India and China are the top two growth markets for chemical industry, according to a recent study by consulting firm KPMG.
“India remains a key consumption market for global chemical players as demonstrated by recent expansions announced. We are also witnessing increasing demand for specialty chemicals, especially around end user industries like pharmaceutical, cosmetics, and food,” Vikram Hosangady, head (transaction services), KPMG in India, said in a statement.
The survey also pointed out that strategic acquisitions and product development would be the key growth drivers for chemical companies in the coming years. Chemical companies had said that the significant cash on balance sheets would be used in acquisitions and product development to tackle increasing input costs and competition, according to the study.
The KPMG survey, which was conducted in the US, Europe and Asia Pacific with 156 senior level executives in the chemical industry, had indicated that about 72% of the companies surveyed have significant cash on their balance sheet, while about 51% had said that their cash position have improved from the previous year, according to the study.

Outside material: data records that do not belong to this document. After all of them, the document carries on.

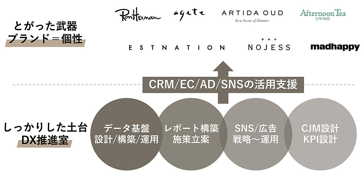 DX推進室の役割は、各ブランドの個性を支える土台となること。加藤氏は「各ブランドが考えている戦略や戦術の支援が我々の役割」と語る。具体的にはCRM、EC、広告、SNSについて、各ブランドの活用を支援する。
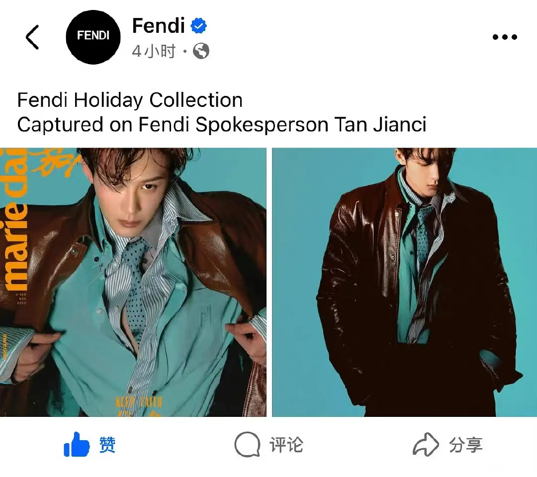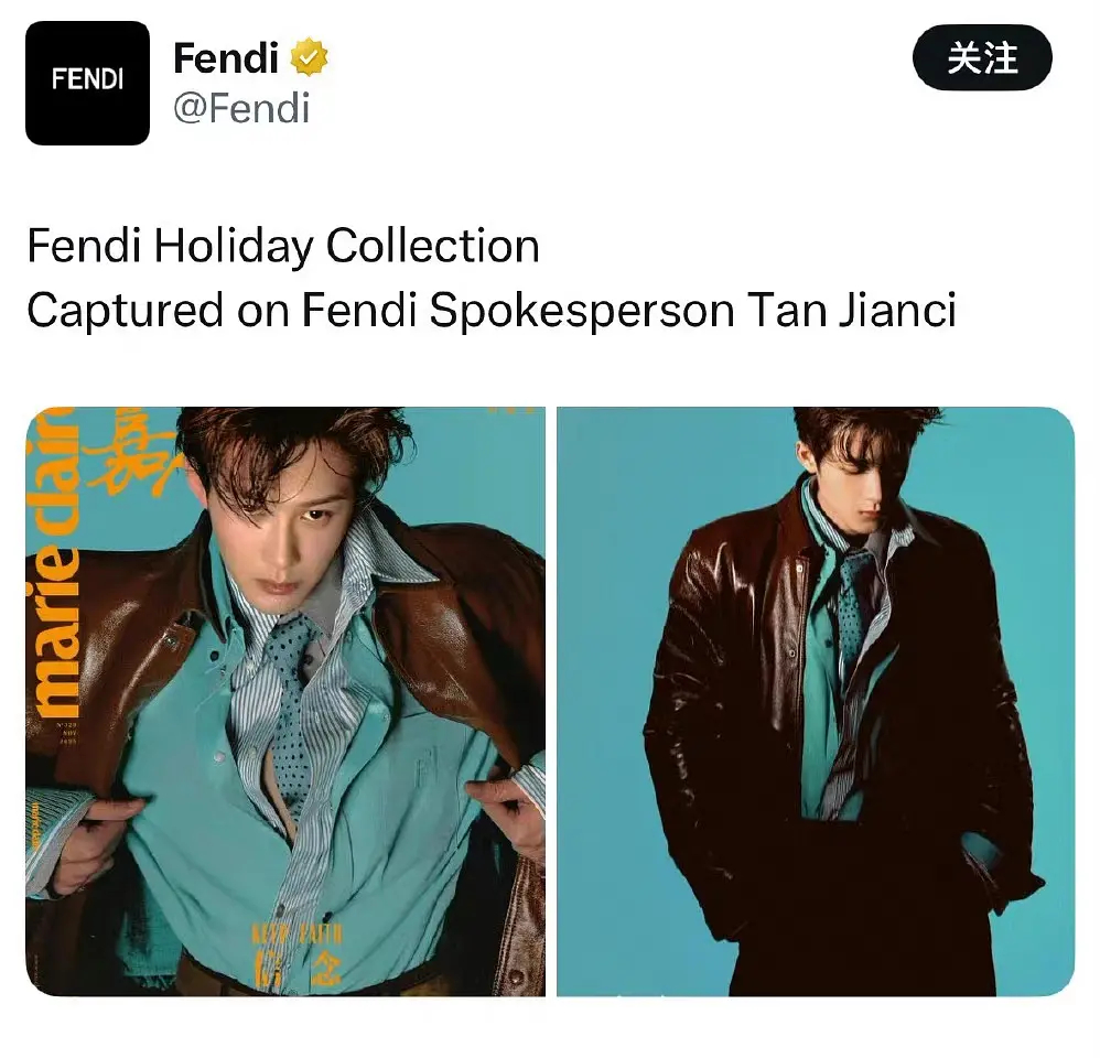 fendi官方Instagram、Facebook、Threads、Twitter更新檀健次嘉人封面,有点太爱了
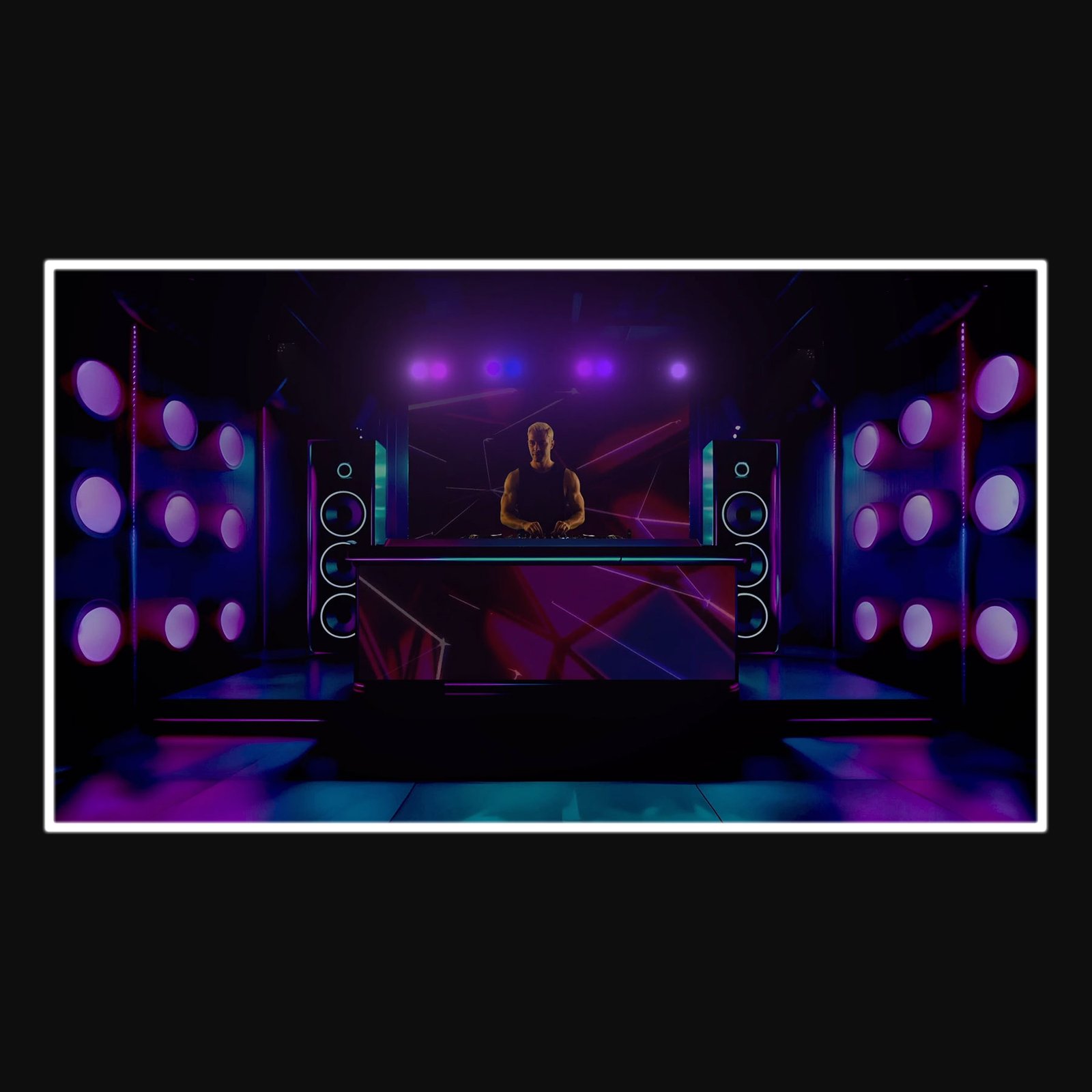 Vibrant vibe stage, creating a dynamic and immersive atmosphere. Dance club style with big speakers and colorful strobes lights.
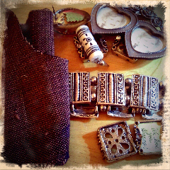 My local thrift store called 'Hidden Treasures', really does have hidden treasures. Some time ago I bought a fabric remnant, it was hardly even a quarter of a yard. I paid .25 cents. Then I noticed in their jewelry case, little plastic bags full of mismatched beads and trinkets. I picked one up for $3.

“Despite economic headwinds, the chemicals sector has experienced some positive momentum in the past year. The improved cash positions at many of these companies will allow them to be more aggressive to drive growth and innovation – both organically and inorganically,” Mike Shannon, Global leader of KPMG’s Chemicals and Performance Technologies practice, said in a statement.
The study also mentioned that about 63% of the companies surveyed had indicated increase in capital expenditure over the next year. Priority investment areas include new products or services (35%), and the acquisition of a business (33%), the survey added.
Over the next two years, the companies intend to deploy their cash in geographies like China, the US and Europe.
According to the KPMG study, companies are hopeful of better revenue this year, but executives are less optimistic about hiring in the chemical industry globally. However, companies in the Asia Pacific region are bullish on hiring, as 77% of the respondents indicated possibility of increase in headcount over the next one year.